Carlin’s take on words–“only words”–comes to mind today, considering my evolving understanding of the nature of language, especially swearing. It was in 7th grade when I started using “colorful” language, never having said “damn” or “hell” until then. Using them, and many more swear words later, became a badge of badassery, which I still enjoy wielding to this day. It’s fascinating how disarming it can be to hear and use them, the shock and surprise, the laughter that ensues. How used to swearing I had become over the years! The swears are “only words,” right?

Which brings me to consider a well-known swearer on the global stage. In September, Philippine President Rodrigo Duterte infamously said the Tagalog phrase “putangina’mo” of President Obama, in remarks ahead of a regional summit in Laos. Literally, it translates as “your mother is a whore.” (Spanish speakers can see the cognate embedded.) Most news outlets translated it as “son of a bitch” – as if the word “whore” was not shocking enough. The remarks resulted in the cancellation of a formal meeting with Obama. Although Duterte did apologize, I would think his memory to be short when it comes to being uncouth. Just this month, Duterte said in a press conference that Obama “can go to hell,” in response to the U.S. government’s refusal to sell weapons to Duterte’s government. His uncouthness no longer surprises me. It is unnerving to have learned in May this year that the land of my birth – to which I still hold citizenship – had elected a very problematic president. I wish I had known about overseas registration earlier; I could have voted. Calling him the “Trump of the East” is an oversimplification. A seasoned politician of modest upbringing, he’s in a league of his own, what with thousands dead in an escalating drug war, and his threats to upset the balance of power in the South China Sea.

Despite all of this, when the news of his swearing came out, I admit that I felt admiration for those remarks, as poor a decision as they were. Before swearing, he said, “I am a president of a sovereign state and we have long ceased to be a colony. I do not have any master except the Filipino people, nobody but nobody. You must be respectful. Do not just throw questions.” Had Duterte not followed this up with swearing, one could come away with some understanding for his animosity towards Obama, symbolizing for him the figurehead of the almighty United States, the former colonizer. I find that many of us may not have learned – or tend to forget – that the Philippines was once an American colony. Here we have Duterte, taking on the role of standing up to the classic image of American imperialism, on behalf of his people. That framework appealed to me viscerally: nobody ever speaks to the President of the United States like that! It was defiant and assertive, and with the swearing? He is certainly aware of shock value – badassery in its appealing, brute form.

And yet these prefacing words are inseparable from the insult. It was still a poor lapse of judgment, unproductive in statecraft. Insults and swears can make rhetorical points but they become hot air, of little substance towards action and real talk. One must remember too what Carlin said in that bit about words: “It’s the context that counts.” Working with others is surely not the place to be unnecessarily uncooperative and mean if you desire progress. Not to mention that words of defiance to the former colonizer will never excuse Duterte from answering to the extrajudicial killings of the drug war.

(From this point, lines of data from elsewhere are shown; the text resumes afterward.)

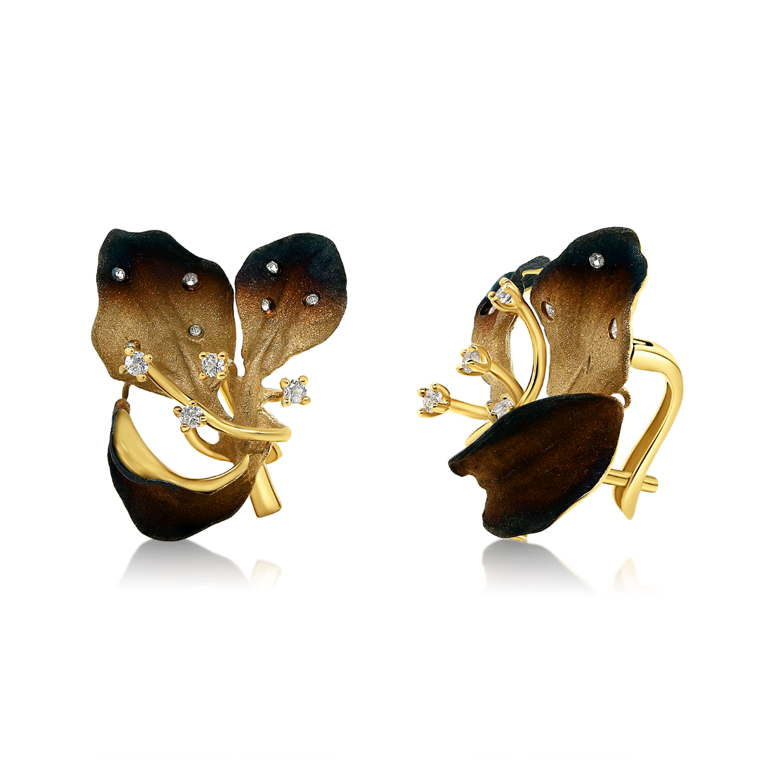 Cercei din aur galben de 14K cu Safire incolore
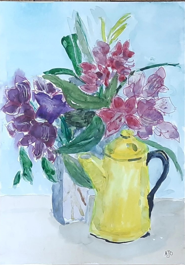 Yellow coffee pot and flowers by Amanda Jane Ogden
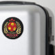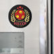 This round magnet is designed to add both personality and visual impact to refrigerators, lockers, and other metal surfaces. It features a bold central ball pattern in rich red and yellow tones, framed by elegant gold laurel branches and accented with star elements for a classic achievement-inspired look. The deep black background enhances contrast and makes the artwork stand out clearly. The magnet offers a customizable text area, allowing it to be personalized for individuals or teams, making it a thoughtful keepsake that combines decorative style with everyday practicality.
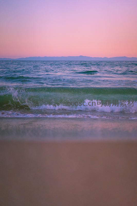 夕阳将天空染成梦幻粉紫,海浪温柔卷起白色泡沫,缓缓漫过湿润沙滩,营造出静谧而浪漫的黄昏海滨氛围。
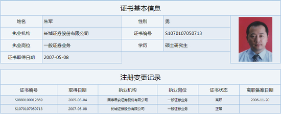行家注意到,在协会券商信息页面,长城证券的高管名单里已经去掉了朱军的名字。
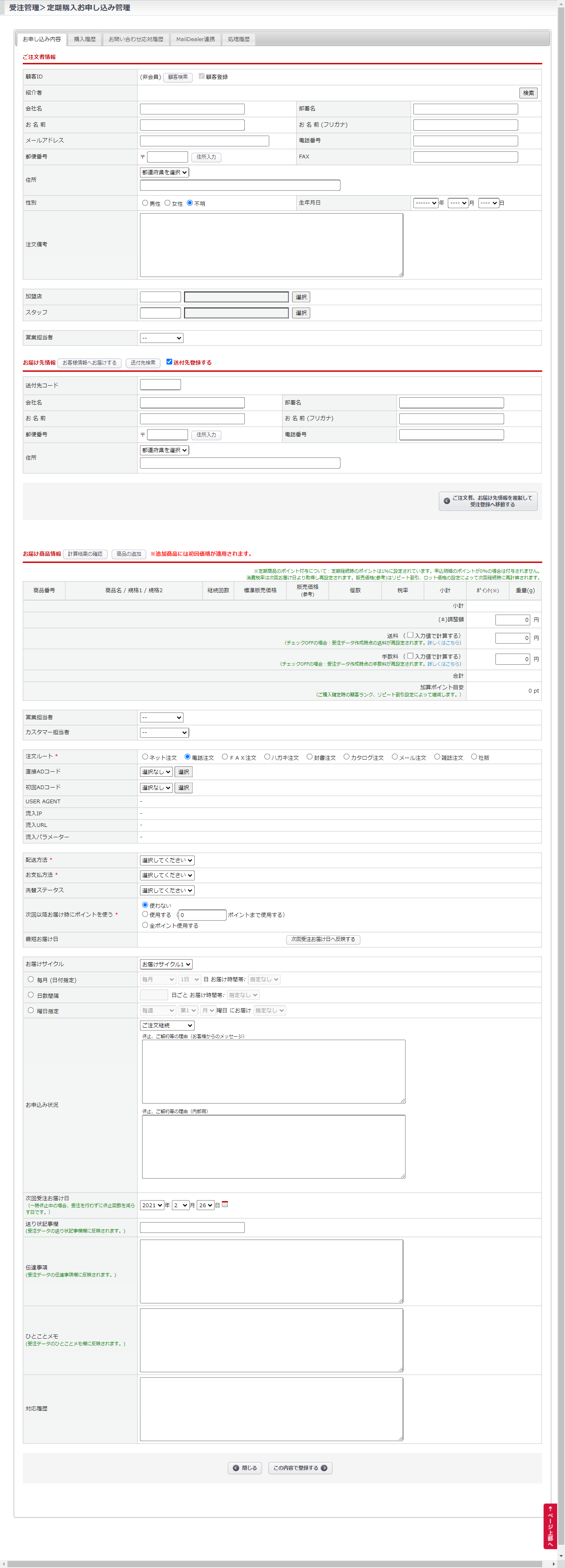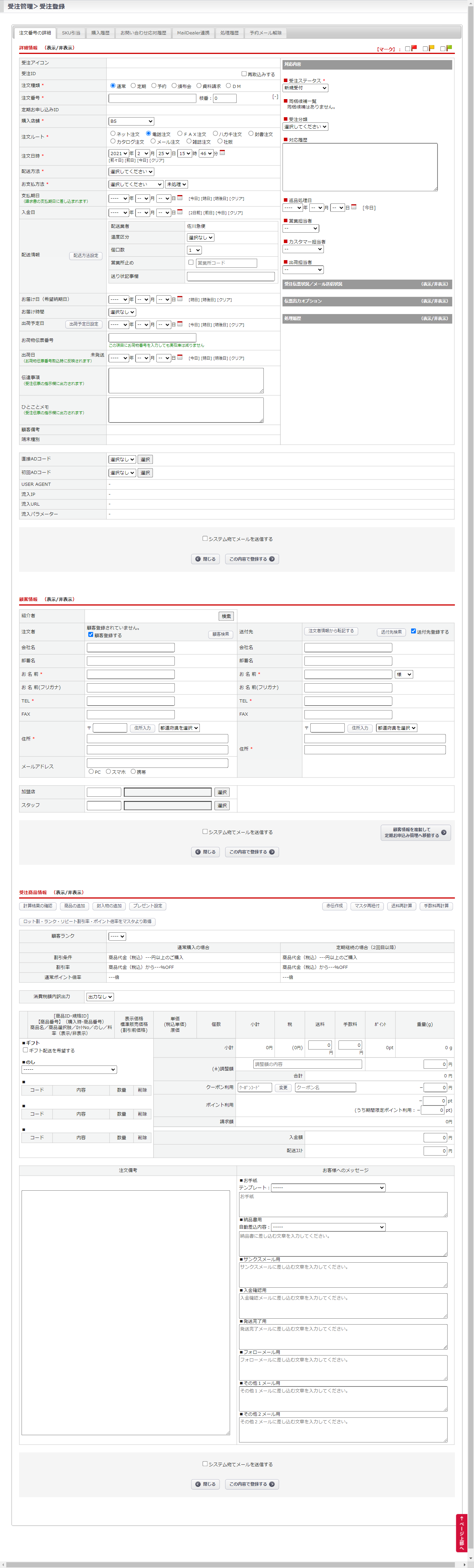 注文の詳細情報、顧客情報、受注商品情報を入力し、新規に受注データを作成します。
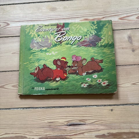 Disney Eventyret om Bongo klistermærkealbum. Album med illustrerede sider og felter til klistermærker/billeder fra historien om Bongo. Indeholder tekst og farvelagte illustrationer. Velegnet som samlerobjekt for Disney- og tegneserieinteresserede eller som nostalgisk børnebogsalbum.
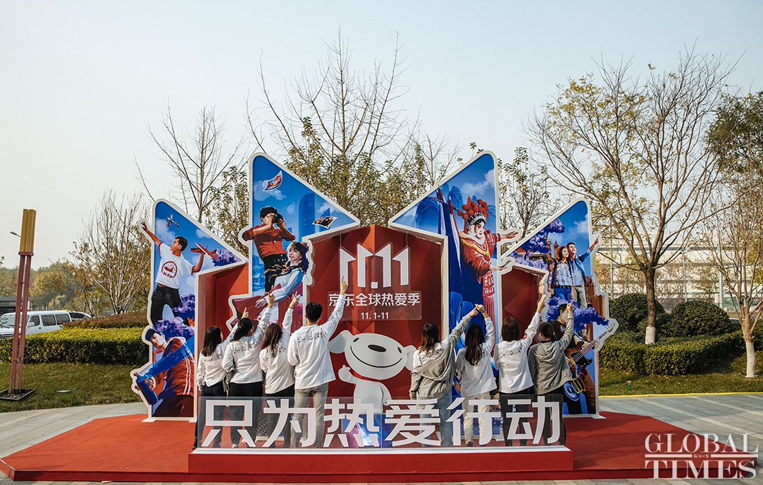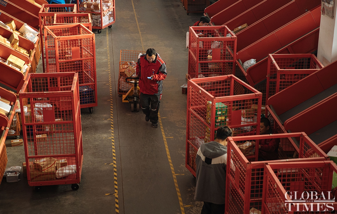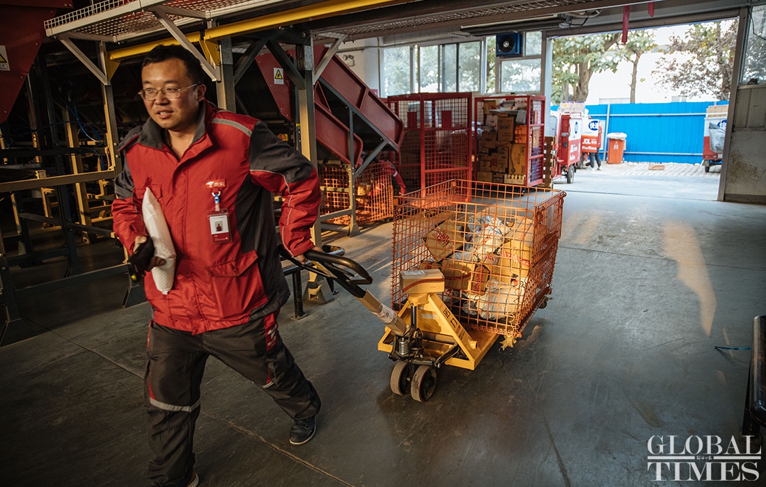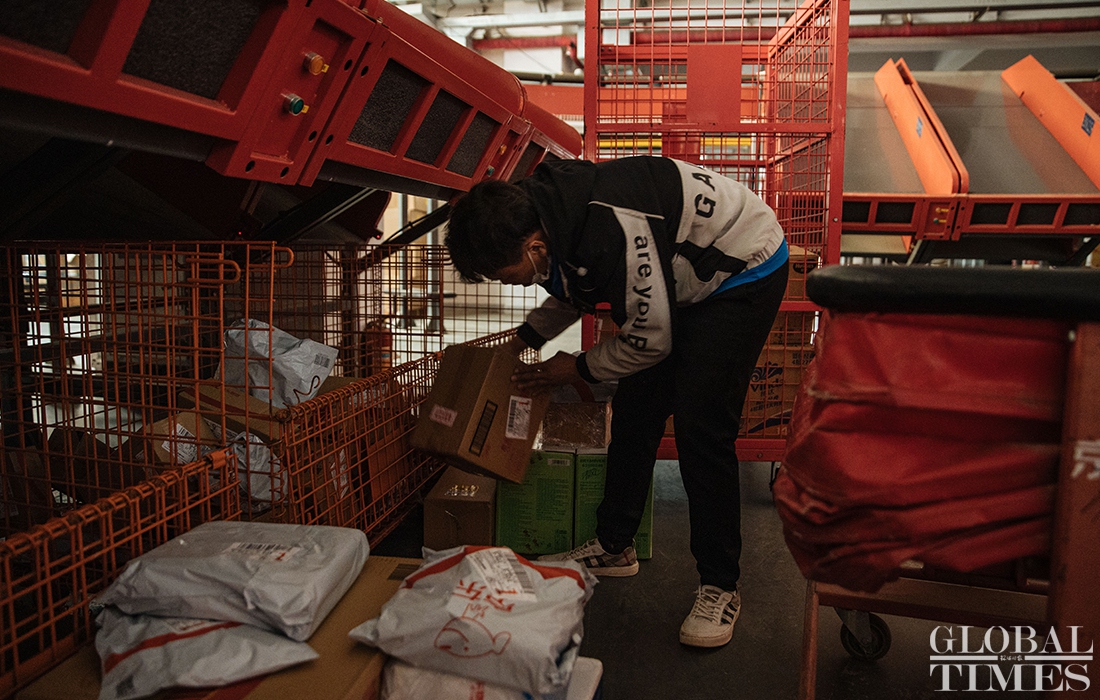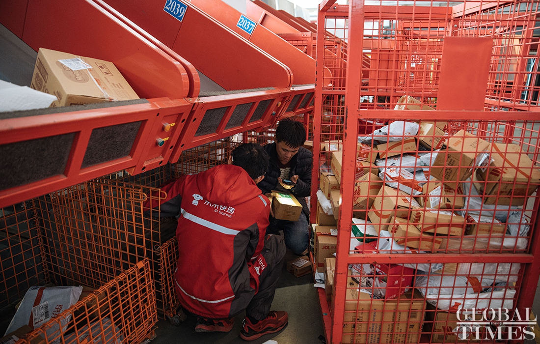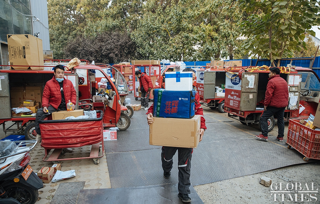 At the smart delivery depot in Beijing’s Yizhuang economic development zone, logistics workers help sort packages on November 11. The depot combines manual and machine sorting. According to JD, the number of deliveries doubles during the online Double 11 shopping spree compared with normal days. Over the past 10 days, total sales exceeded 243.1 billion yuan ($36.7 billion) by 2:26 pm on November 11. Photos: Li Hao/GT

Moreover, how could I actually feel pleased about Duterte’s remarks, anyway? Regardless of your feelings about civility in today’s heated political and social climate, there must be a space for conversing productively. And even with the collective power dynamic between Duterte and Obama, their interaction is still one between individuals, bound to the same kinds of rules we’re raised with, of respect and sincerity. These are values I want to uphold – admiration for Duterte’s remarks is plainly dissonant. I may not forswear swearing anytime soon (pun intended), but there is little to no proper context for talking like an asshole when you are trying to work with someone, no matter your place in the world.